萝卜黄病毒（TuYV；以前称为甜菜西黄病毒）在世界范围内引起芸苔属物种的主要疾病，导致可耕地和蔬菜作物的严重产量损失。它也被证明会降低蔬菜的质量，尤其是卷心菜，因为它会导致尖端烧伤。欧洲的商业作物冬油菜（Brassica napus）和蔬菜作物（特别是Brassica oleracea）的发病率为100%。
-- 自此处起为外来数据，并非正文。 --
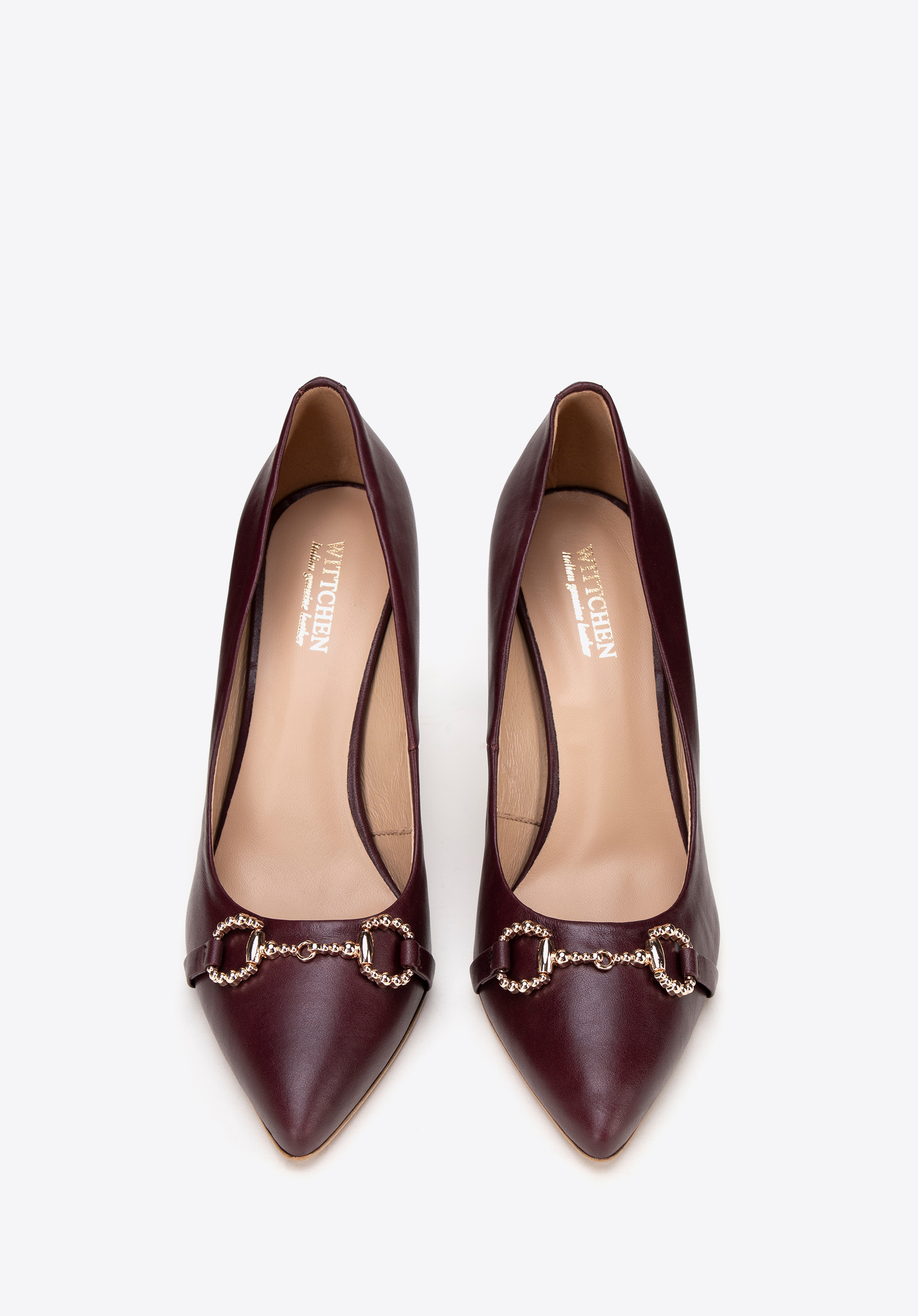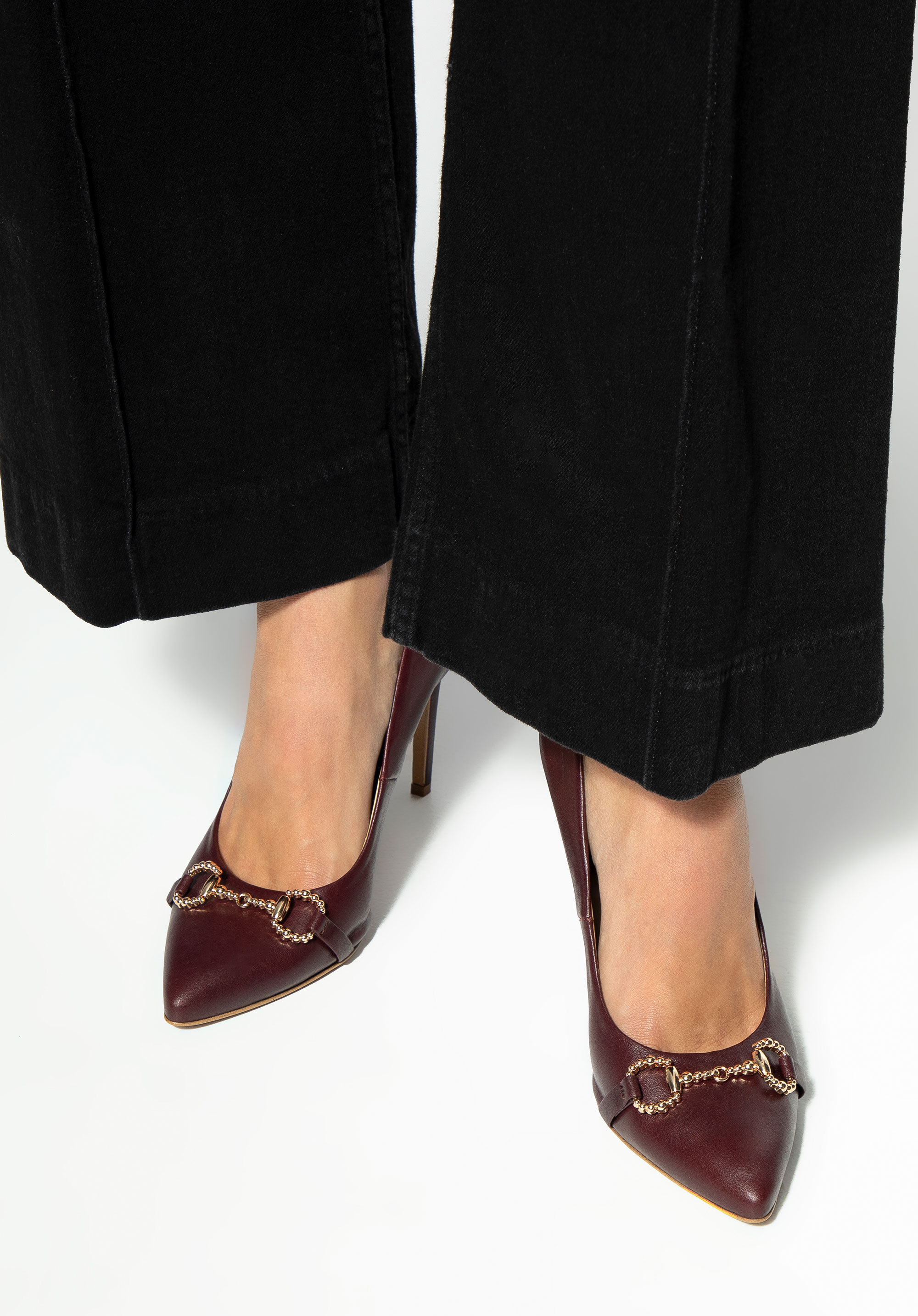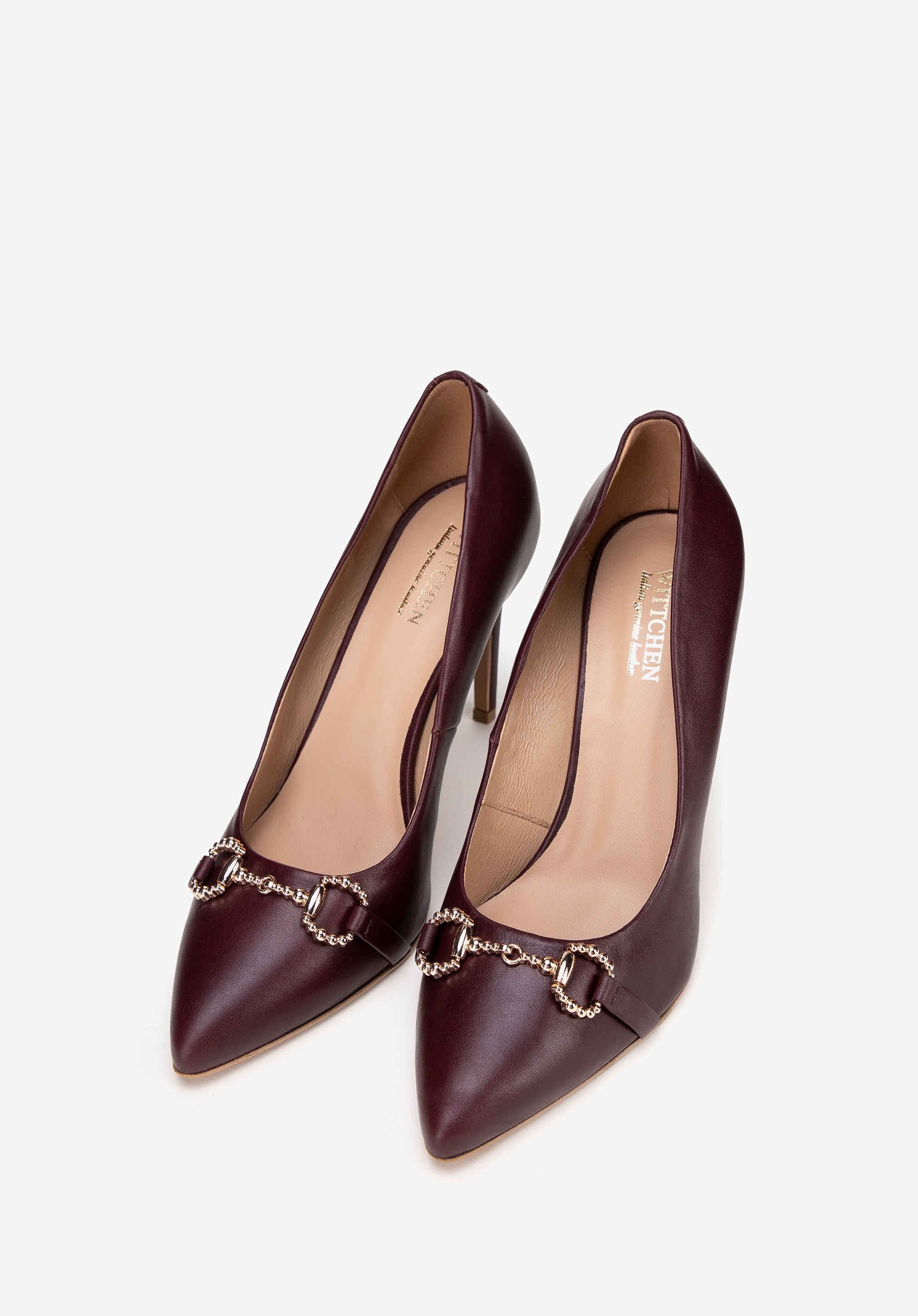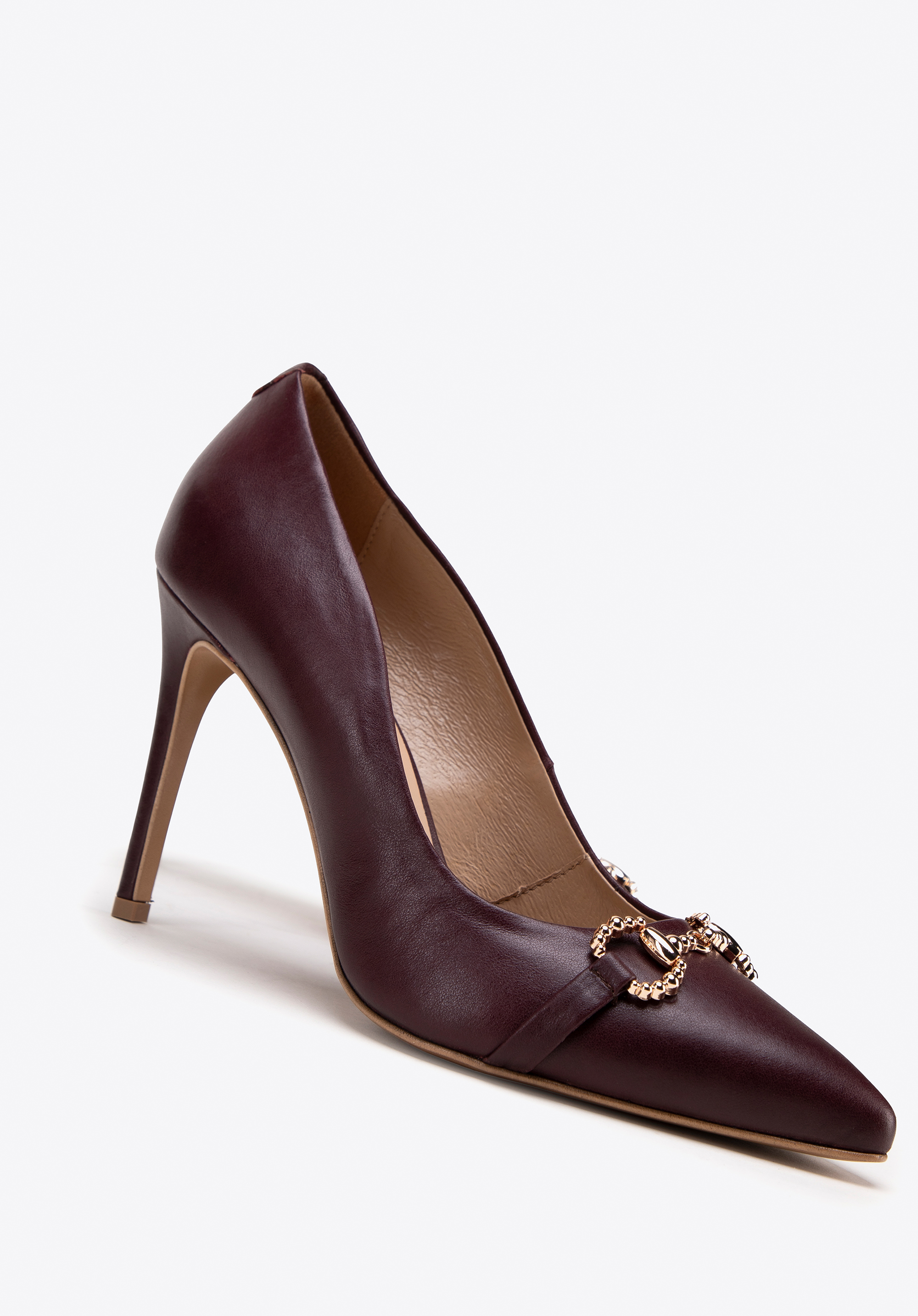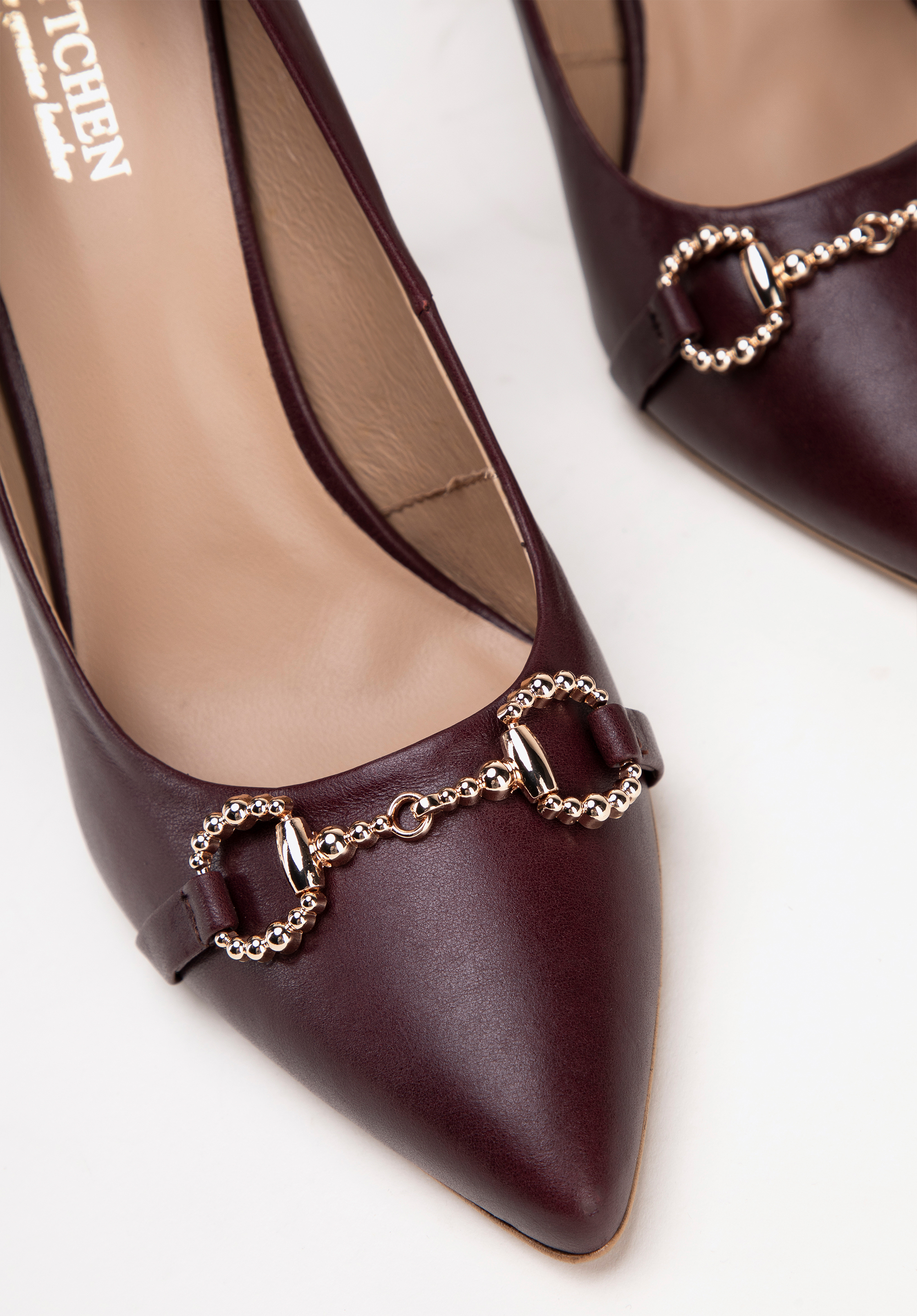 Klasické kožené ihličkové lodičky s ozdobnou retiazkou-bordové

本文综述了甘蓝型油菜（AACC基因组）、菜心（AA基因组）和马齿苋（CC基因组）对TuYV的已知抗性来源。它还提出了负责抗性的数量性状基因座（QTL）的名称，即萝卜黄病毒抗性（TuYR），这些基因座已至少在不同芸苔属物种的染色体水平上定位。目前只有一种已知的商业阻力来源（TuYR1）。据说这种抗性起源于雷帕霉素，并通过与甘蓝型油菜杂交产生异四倍体（AACC）植物，渗入油菜的A基因组，然后回交到油菜中。它已被用于大多数已知的TuYV抗性油菜品种。这给TuYV中出现的抗性破坏突变带来了巨大的选择压力。在甘蓝型油菜、雷帕菜型油菜和甘蓝型油菜的基因组中已经定位了更多的抗TuYV的QTL（TuYR2-TuYR9），并在这里进行了描述。后两个物种的QTL已渗入异四倍体植物，首次提供了A和C基因组的组合抗性，用于油菜中的部署。利用已经开发的分子标记可以加速这些新抗性向商业油菜和蔬菜芸苔的渗入。这些抗性的部署应该减轻TuYV破抗性分离株的选择压力，从而延长彼此和现存抗性的有效性。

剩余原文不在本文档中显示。